Cultivation of microalgae using wastewater exhibits several advantages such as nutrient removal and the production of high valuable products such as lipid and pigments. With this study, two types of wastewater from instant noodle factory; mixed liquor suspended solids (MLSS) and effluents after sedimentation tank were investigated for green microalga Scenedesmus sp. cultivation under laboratory condition. Optimal wastewater dilution percentage was evaluated in 24 wells microplate. MLSS and effluent without dilution showed the highest specific growth rate (μ) of 1.63±0.11 day−1 and 1.57±0.16 day−1, respectively, in which they were significantly (p < 0.05) higher than Scenedesmus sp. grown in BG11 medium (1.08±0.14 day−1). Ten days experiment was also conducted using 2000 ml Duran bottle as culture vessel under continuous light at approximately 5000 lux intensity and continuous aeration. It was found that maximum biomass density of microalgae cultivated in MLSS and effluent were 344.16 ± 105.60 mg/L and 512.89 ± 86.93 mg/L respectively and there was no significant (p < 0.05) difference on growth to control (BG11 medium). Moreover, cultivation microalgae in wastewater could reduce COD in wastewater by 39.89%-73.37%. Therefore, cultivation of Scenedesmus sp. in wastewater from instant noodle factory can yield microalgae biomass production and wastewater reclamation using photobioreactor simultaneously.

1. Introduction

Using microalgae for wastewater treatment has several benefits such as reducing nutrient loading, CO2 fixation, removal of heavy metal, production of high-value chemicals (algal metabolites) [1, 2]. Moreover, algal cultivation in wastewater had smaller carbon footprint in comparison with the cultivation in clean water, no secondary pollution, etc. [3]. With this study, wastewater from instant noodle factory which contains high residual nutrients was chosen as a new potential media for microalgae cultivation.

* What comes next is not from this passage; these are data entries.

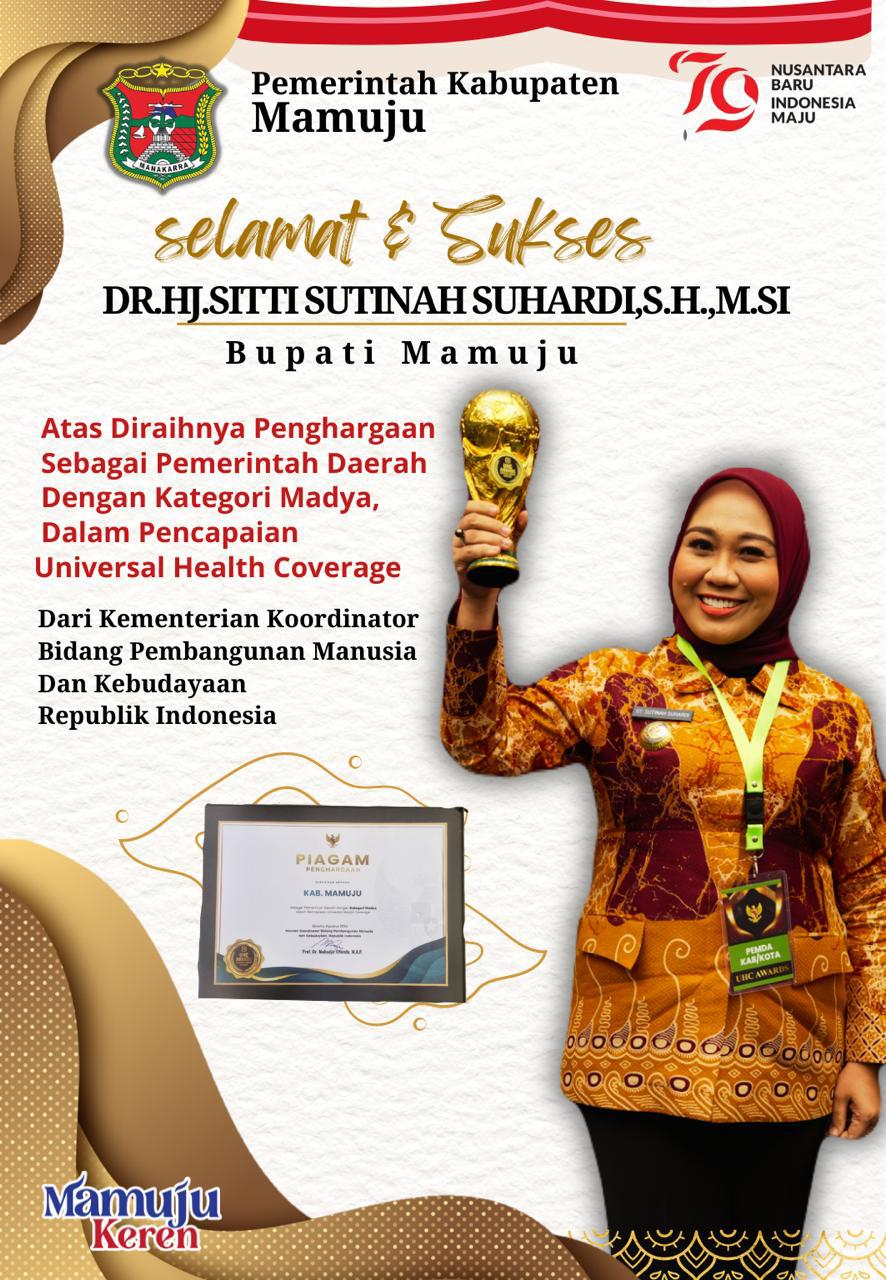 Bupati Mamuju, Sitti Sutinah Suhardi turut menerima UHC Award yang digelar di The Krakatau Grand Ballroom TMII Jakarta. Dia mengaku bangga telah mampu mempertahankan komitmen untuk menghadirkan layanan kesehatan gratis bagi masyarakat mamuju.
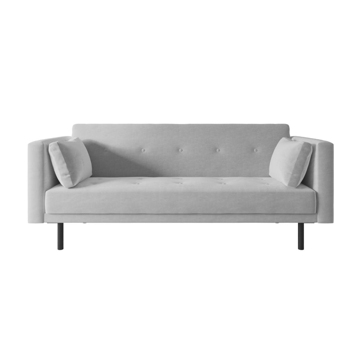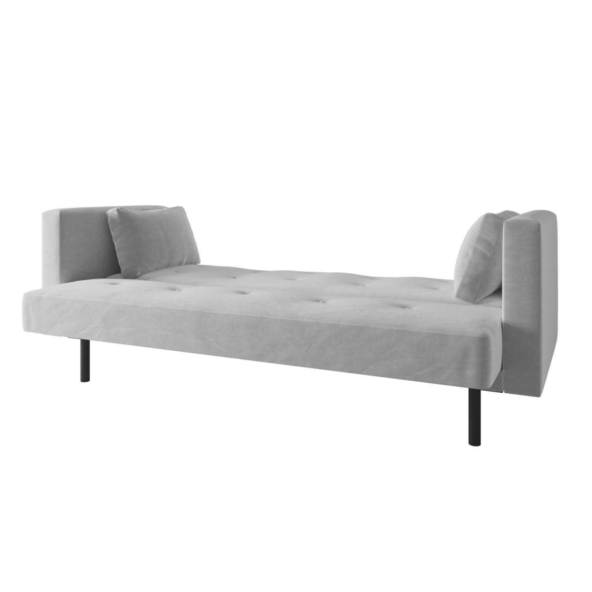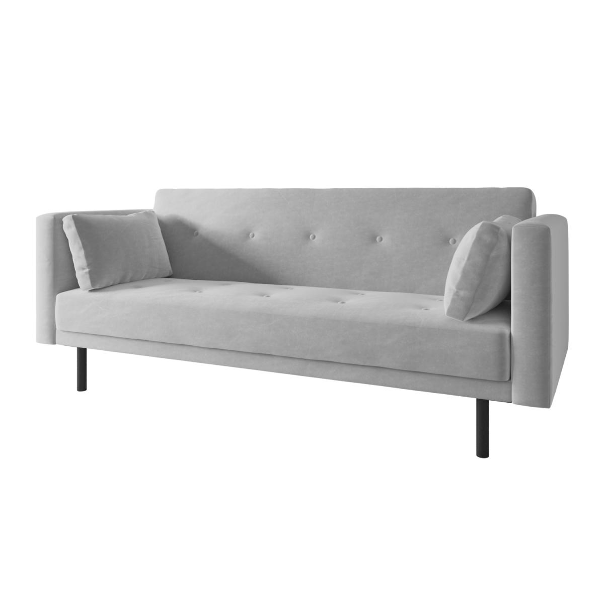 This click-clack sofa bed is perfect for those last-minute guests. It is beautifully upholstered in a soft touch grey velvet, it's guaranteed to make an impact, and it'll easily coordinate with other furnishings and décor. The dark metal legs add a final finishing touch. This sofa can seat up to 3 people and it also turns into a bed, the Rory is practical and convenient. Also, the 2 scatter cushions are included providing extra comfort.
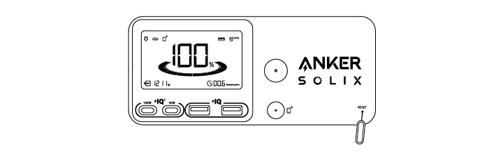Si votre station d'alimentation ne fonctionne pas correctement, insérez un trombone ou une épingle dans le trou de réinitialisation pendant 1 seconde pour une réinitialisation d'usine. Si la station d'alimentation ne fonctionne toujours pas, veuillez contacter support@anker.com.
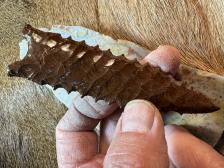Needle like serrations on this oblique flaked Dalton! Made from pumpkin obsidian. Serrated sharp , thanks for looking! |
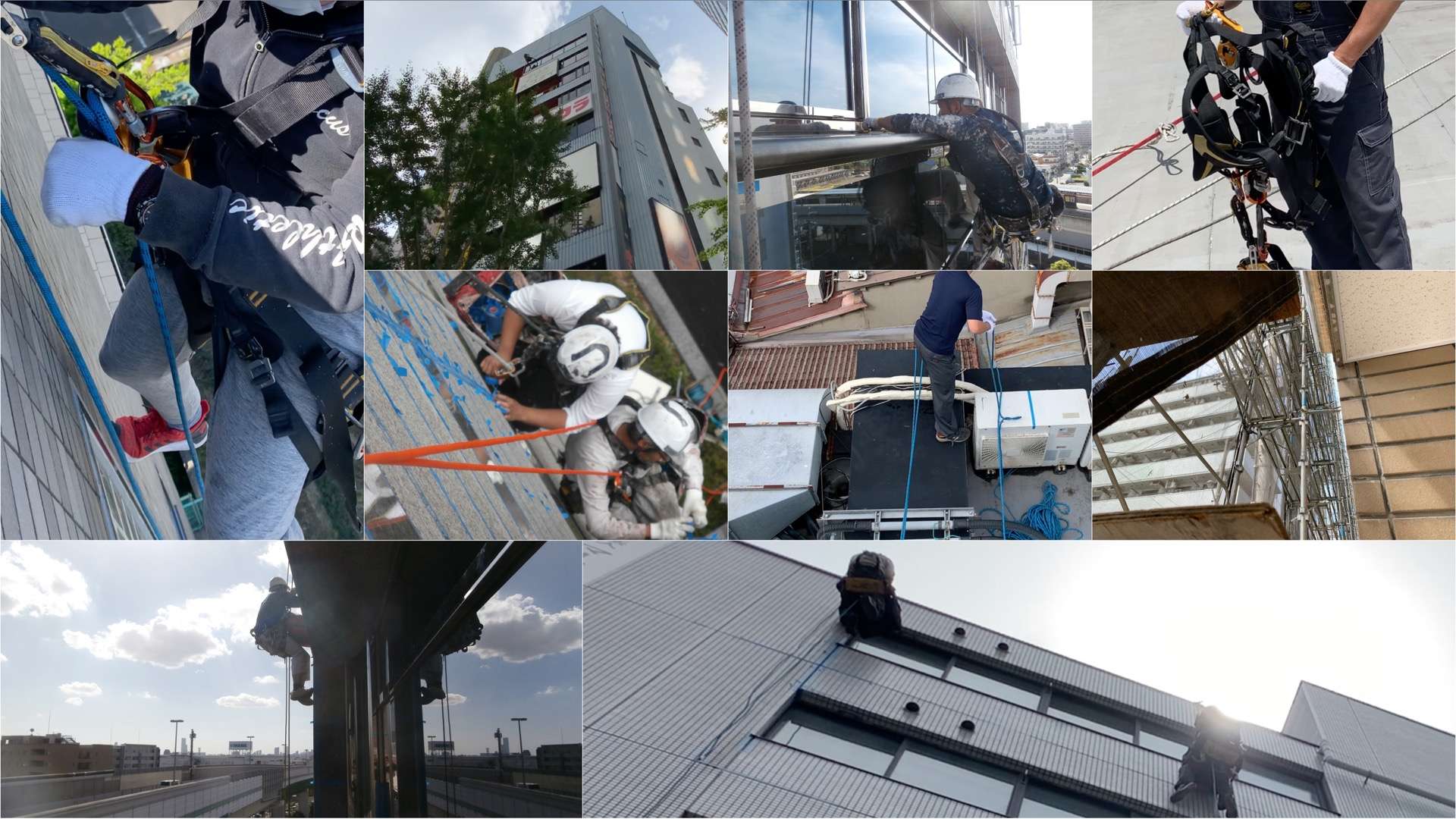 いつでも、ビル,マンションの高所にアプローチできるロープアクセスという工法

Recent studies on microalgae cultivation illustrated that several microalgae species can growth in wastewater using open systems or closed systems. Scenedesmus sp. is the green micro-alga widely used for nutrient removal and biomass production. Nitrogen and phosphorus removal efficiency by Scenedesmus sp. in artificial wastewater was 30%–100% [1]. However, most of the study on microalgal culture for wastewater treatment utilized wastewater after aeration and sedimentation process. Hence, wastewater treatment using microalgae are usually described as a secondary or tertiary treatment process. Unlike previous research, this study aim to evaluate the possibility of using primary wastewater from aeration tank containing high suspended solids (MLSS) from instant noodle factory as the whole nutrients source for microalgal growth. This would lead to an alternative way of the future wastewater treatment using micro-algal cultivation in photobioreactor.

2. Materials and Methods

2.1. Microalgal Strains

Scenedesmus sp. was obtained from the culture collection of Center of Excellence for Marine Biotechnology, Chulalongkorn University. Stock culture of Scenedesmus sp. was kept in BG-11 medium containing (g/L): K2HPO4·3H2O, 0.04; MgSO4·7H2O, 0.075; CaCl2·2H2O, 0.036; citric acid, 0.006; ferric ammonium citrate, 0.006; EDTA, 0.001; NaNO3, 1.5; Na2CO3, 0.02; trace metal mix A5, 1.0 mL which consisted of (g/L) H3BO3, 2.86; MnCl2·4H2O, 1.81; ZnSO4·7H2O, 0.222; NaMoO4·2H2O, 0.39; CuSO4·5H2O, 0.079; and CoCl2·6H2O, 0.05 [4]. Microalgal was incubated under continuous light (5,000 lux) at 25±1°C with continuous aeration.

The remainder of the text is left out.